January 8, 2014

Amazing Amazon

So Amazon should be renamed Amazing, because they are.

They are the best online retailer--love 'em!

SELECTION: Amazon has everything. 

PRICE: Amazon is reasonably priced.

SPEED: Amazon Prime gets you your goodies delivered in under 48 hours. 

RETURNS: Amazon takes returns easily; virtually no questions asked. 

Amazon is so customer focused that you can even email Jeff Bezos, the founder and CEO himself, at Jeff@Amazon.com. 

Aside from their highly successful retail operation, they have the Kindle tablets, Amazon Web Services (AWS) for cloud computing, Kiva Robots for warehouse operations, and more. 

So what's the secret of their success?

One thing, according to the Wall Street Journal, is their tough hiring practices. 

Amazon has "several hundred" interviewers called "Bar Raisers" that give candidates extremely thorough interviews.

Bar Raisers typically have conducted "dozens or hundreds of interviews and gained a reputation for asking tough questions and identifying candidates who go on to become stars."

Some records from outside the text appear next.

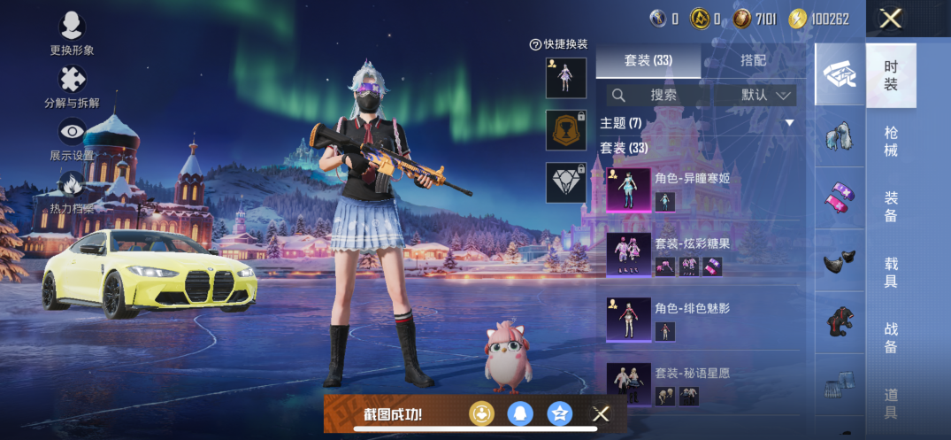【1载具1粉装1特效 宝马m4圣保罗黄】苹果q-1载具1粉装1特效呛2热门33套装52呛皮 15620热力值 3印记 历史超级王牌12星 【1载具】 宝马m4圣保罗黄 【1粉装】 异瞳寒姬 【1特效呛】 dp-28-豹影疾电 5级 【2热门】 呆萌铁蟹 破蛋小黄鸡 -区服:苹果手q-服饰币:7101-金币:100262-点券:5-当前热力值:15620-王牌次数:3-点券:5-时装
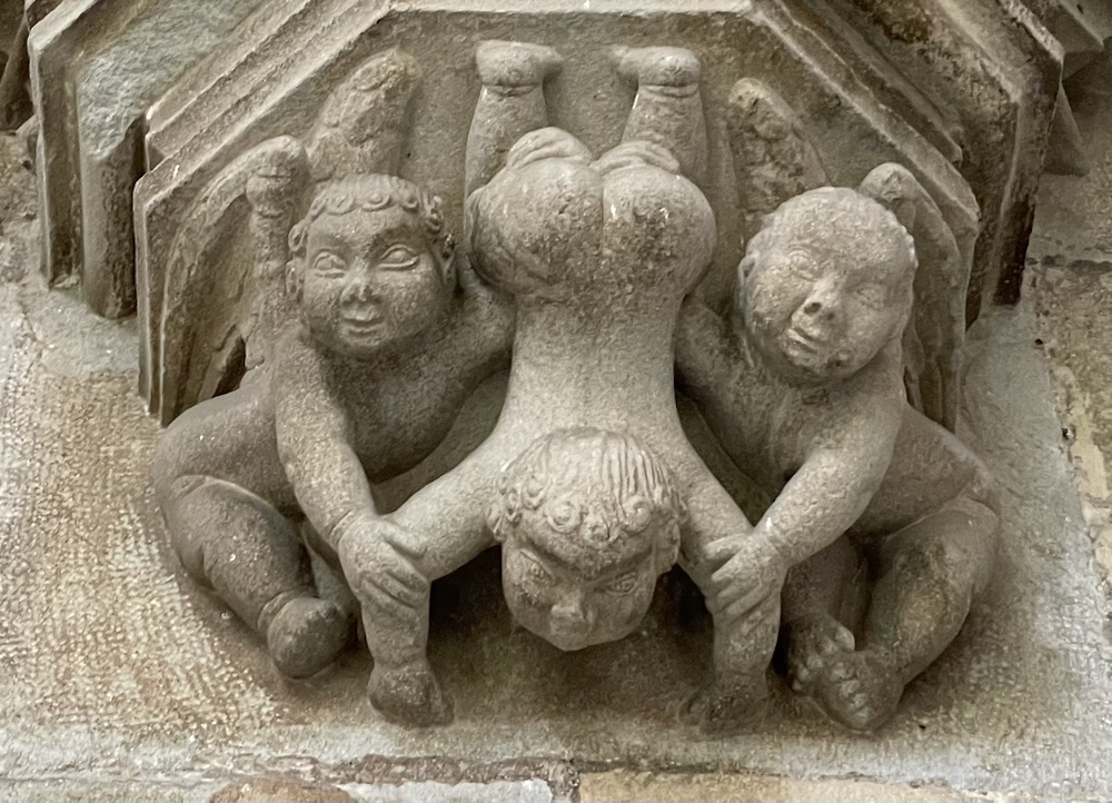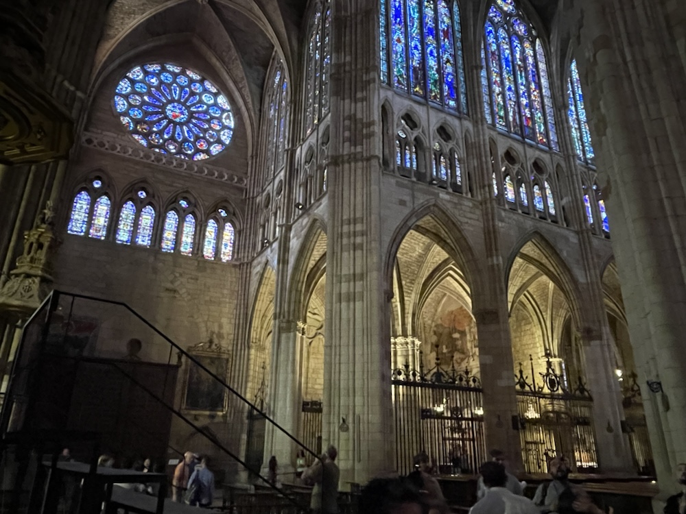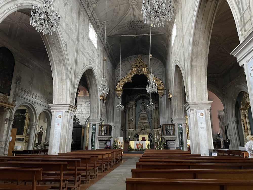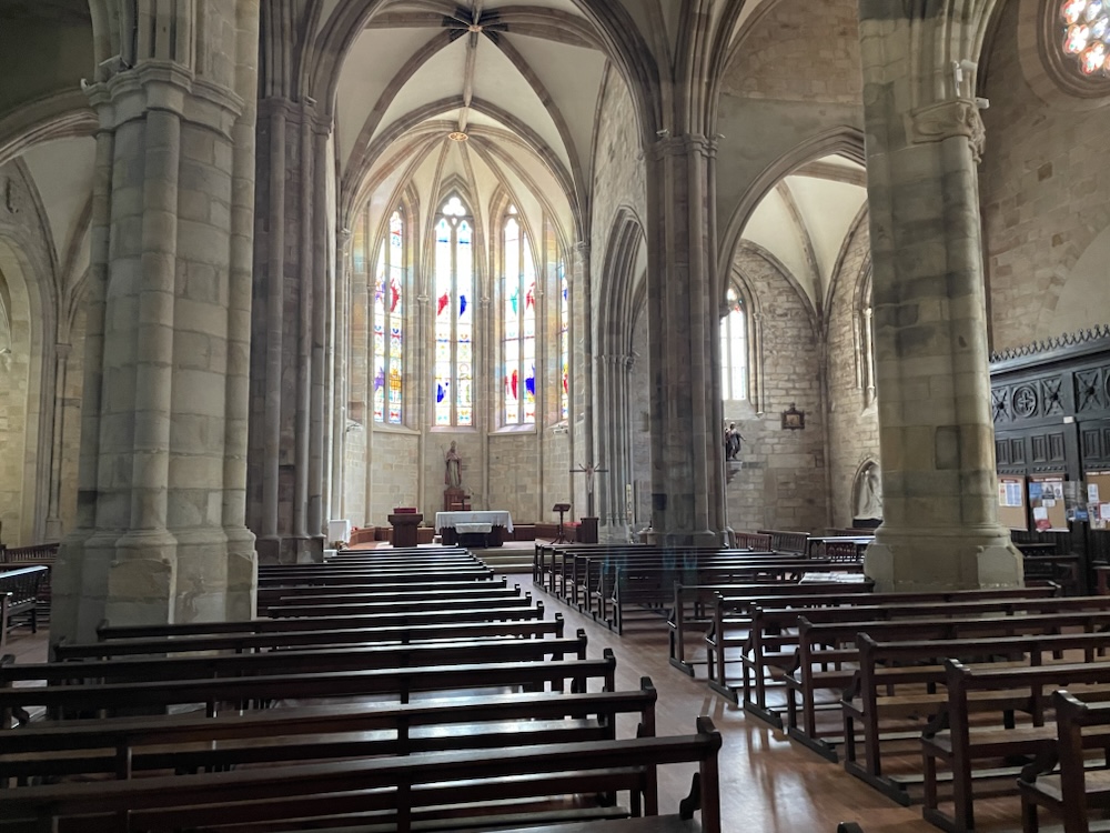 Es gibt in den Seitenschiffen keine Fenster und über den Arkaden nur sehr kleine. Der Chor hat ebenfalls nur sehr kleine Fenster rechts und links.
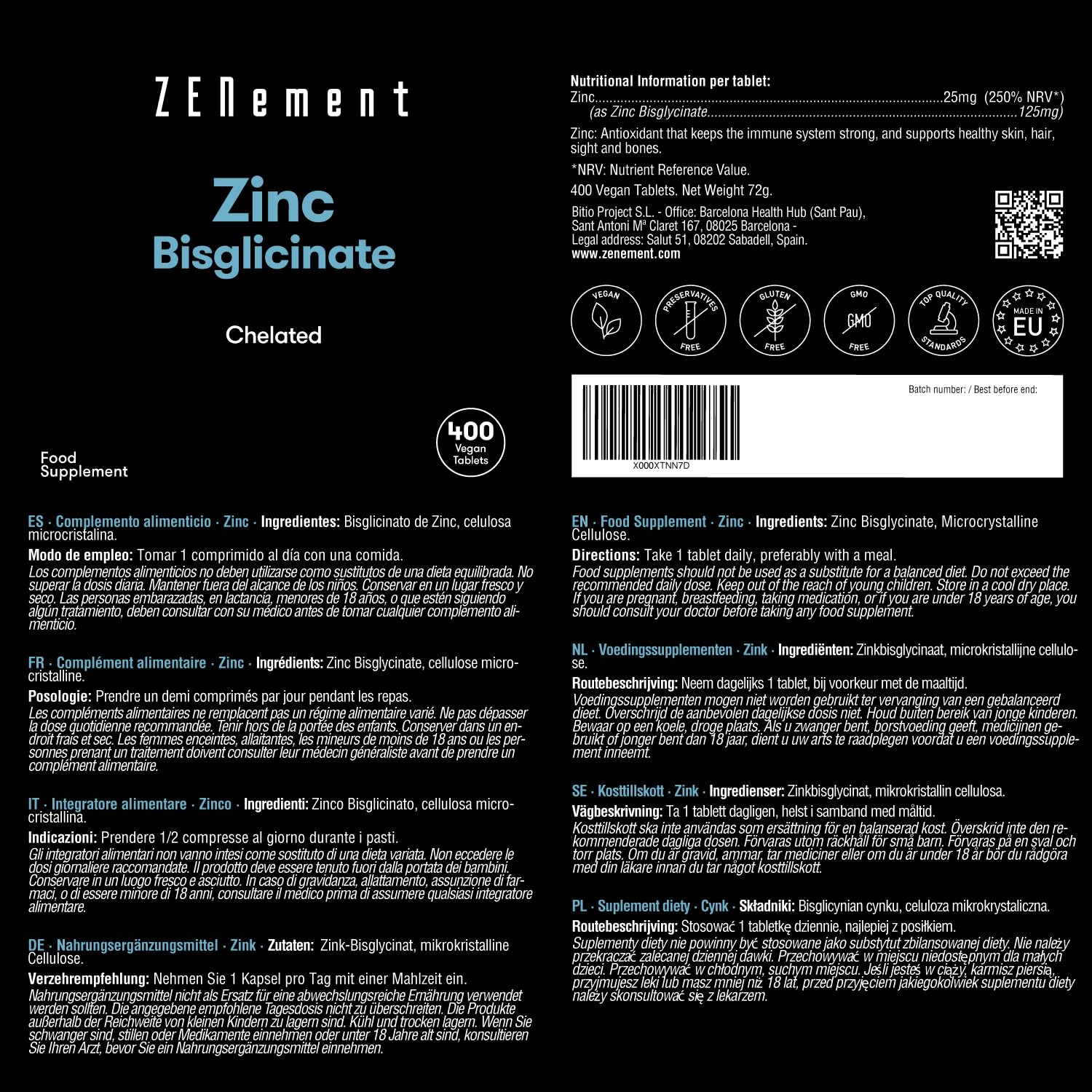 Zinc, 25mg (Bisglycinate), 400 Tablets | Chelated | Antioxidant, Supports The Immune System, Skin, Hair and Eyesight | Vegan | Zenement
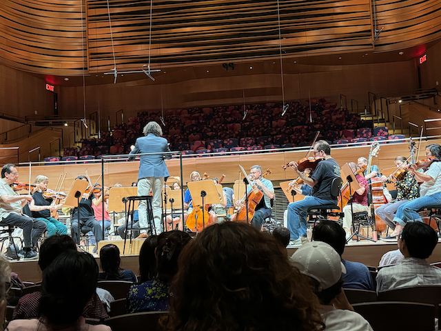 Being retired I have to think of creative ways of filling the day. Being on a fixed income makes it more of a creative pursuit. Fortunately, this being New York City there are plenty pf low-cost things to do. Some are even free. In the past two weeks I’ve seen three movies for half price, gone to the Goatham opening day in Riverside Park, and attended a “Relaxed open rehearsal” at Lincoln Center. Today I scraped and painted a couple of ancient lampposts in Riverside park- but that’s another story. “TK,” as they say in publishing. The movies I know about because I look up any senior discounts that are available in my sphere of activities, and AMC theaters have a senior discount. Matinee showings are 25% off every day. Some theaters do a Tuesday discount, so you can look for that if you’re interested. So, with my senior discount I was able to see “Touch” for $7. I paid $9.95 last week to see Kinds of Kindness because I bought the ticket online and had to pay the service fee- something I won’t be doing again, knowing there’ll be plenty of seats available for the 10:30 or 12:30 show. There were five people at the showing of touch I went to. I was the only male. I went to the 10:30 for Kinds of Kindness because it’s almost 3 hours long. Before seeing Touch last Tuesday I went to an open rehearsal at David Geffen Hall. I thought that would be empty too, so I was surprised at the amount of people not working at 10am on a weekday morning. I found out about the open rehearsal because I get regular emails from Lincoln Center. I did not know what to expect, but it sounded more interesting than the third hour of Today. I’ve always loved classical music, since the first time I heard a chamber orchestra when I was in the fourth grade in P.S.270. Not as much as rock music, but enough to know something about it and appreciate it. Tuesday’s program was to be a rehearsal of Beethoven’s 6th symphony, the “Pastoral.” As a rehearsal there would be stopping and starting, and comments. Sounded like fun, to see behind the scenes, so I reserved my free ticket online and showed up early. As I went in, I was offered either noise cancelling headphones, or a rainbow-colored silicone bracelet called a “fidget.” I had no idea what a fidget is, but it’s smaller than the noise cancelling earphones, so I took that. I wondered why anyone would wear noise cancelling earphones to a music concert and why they were even being offered. I figured out what to do with my fidgit once I sat down. I went in and found a seat near the stage in the orchestra and looked around. I expected mostly older folks like me and was surprised to see quite a lot of younger people. Some made sense-groups that looked like day camp kids or school groups, and young moms with their babies or small children who want to get out of the house. The orchestra was tuning up, as more and more of them filed in wearing everyday clothing- shorts, T-shirts, sneakers and the like. Presently a woman took the stage and outlined the program. The one interesting thing I heard, beside that I might hear people talking aloud or moving about was that the auditorium was a “no shushing zone.” “If you feel uncomfortable for any reason, please feel free to go out into the lobby and sit. You can come in or out anytime during the rehearsal.” I wondered who would come to a classical performance to talk aloud and move around at will.
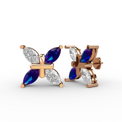 Beyaz zirkon ve lab safir 18 ayar rose altın küpe
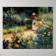 "No Jardim" é uma representação vibrante da vida ao ar livre. A cena retrata um jardim exuberante cheio de flores florescentes, onde uma figura de solteiro está desfrutando leisamente do ambiente sereno. A figura central, muitas vezes considerada esposa de Monet, Camille, é o carregando de um cesto de flores rodeado de uma profusão de flores coloridas. A pintura é caracterizada pelo seu rico uso de cor, luz deliciosa e a delicada interação entre sombra e luz solar, que cria um senso de calor e tranquilidade. A bruxaria solta e a atenção aos efeitos da luz sobre os elementos naturais refletem um estilo impressionista, enfatizando a beleza dos momentos cotidianos passados na natureza. Esse trabalho captura a essência de uma tarde pacífica e iluminada pelo sol num jardim, onde a vibração das flores e a atmosfera suave se combinam para criar uma cena eterno de relaxamento e contentamento.
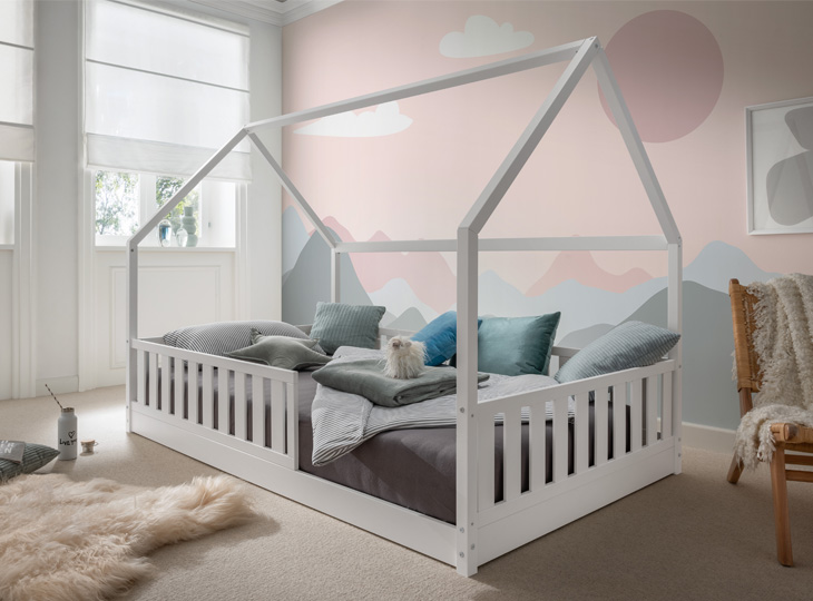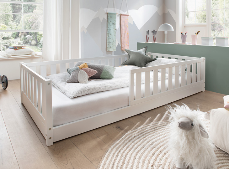 Het Fenna bodembed (ook wel vloerbed of Montessori-bed) is de ideale keuze voor peuters en jonge kinderen. Dankzij de balustrades slaapt je kleintje veilig zonder uit bed te rollen, terwijl de lage instap het mogelijk maakt om zelfstandig in en uit bed te stappen.
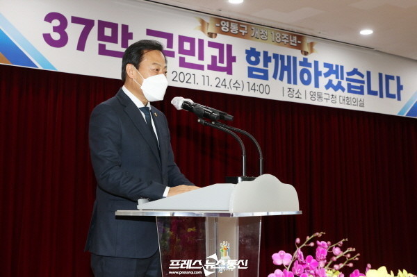장현국 의장은 이날 인사말을 통해 “영통구는 삼성전자, SDI, 중소기업 종합지원센터, 광교테크노밸리가 소재한 IT산업의 메카이자, 수원고법.고검, 수원컴벤션센터가 있는 경기도의 거점으로 내년에는 경기도의회와 경기도 신청사가 영통구로 이전하는 만큼 지속적 발전이 기대된다”며 “영통구 매탄동을 지역구로 둔 도의원이자 경기도의회 의장으로서 더 행복하고 희망찬 영통구의 미래를 응원하겠다”고 전했다.
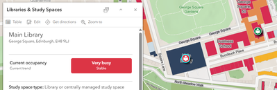 My dataset of libraries has two attributes: capacity (integer) and current occupancy (integer). In the web map, I have configured the libraries to be displayed with a colour based on how busy the library currently is (this is calculated by working out the current percentage occupancy ((currentoccupancy/capacity) * 100) and then classifying the value in to 'quiet', 'busy', 'very busy', 'full', and 'no data'):
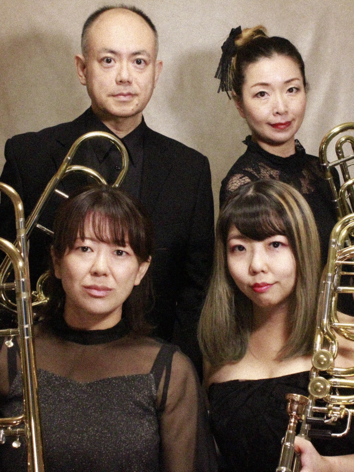 私たちはトロンボーン四重奏という編成で、クラシック音楽からポピュラー音楽まで幅広いジャンルの曲を演奏しています。
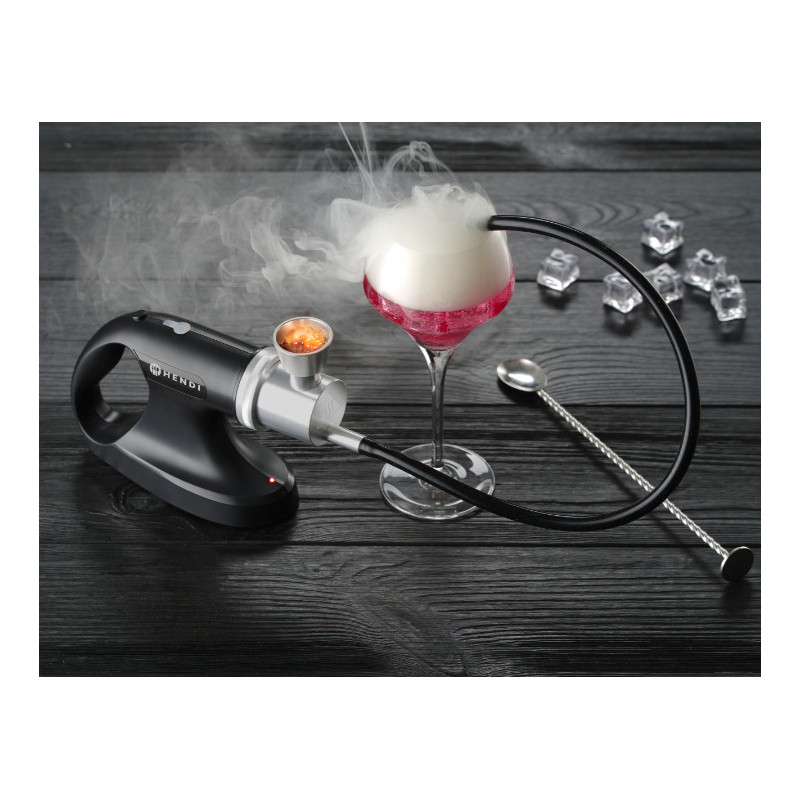 El tamaño pequeño de este ahumador, el bajo peso y la potencia de la batería convierten a la Pistola para Fumar en un ahumador portátil perfecto para cualquier chef molecular o barman que quiera hacer malabarismos con la mixología molecular.

Typically, it "takes five or six employees at least two hours each" to evaluate and vet an applicant. 

Amazon makes all this effort in recruiting to weed out people who are the wrong fit for the company. 

They believe that it's better to invest in a sophisticated recruiting process than to make costly hiring mistakes. 

While this certainly sounds like a well thought out and vigorous hiring process, the article makes little to no mention of performance measures showing that their hires really are better matches, have superior performance, or stay with the company longer. 

The one anecdote given was of a Bar Raiser who found a candidate for a programming job that "didn't know much about the specific programming language."

Barring some real statistics though, either you could conclude that Amazon's hiring process is truly superior or perhaps question why it takes them 5 to 6 interviews to do what other successful companies do in 1 or 2.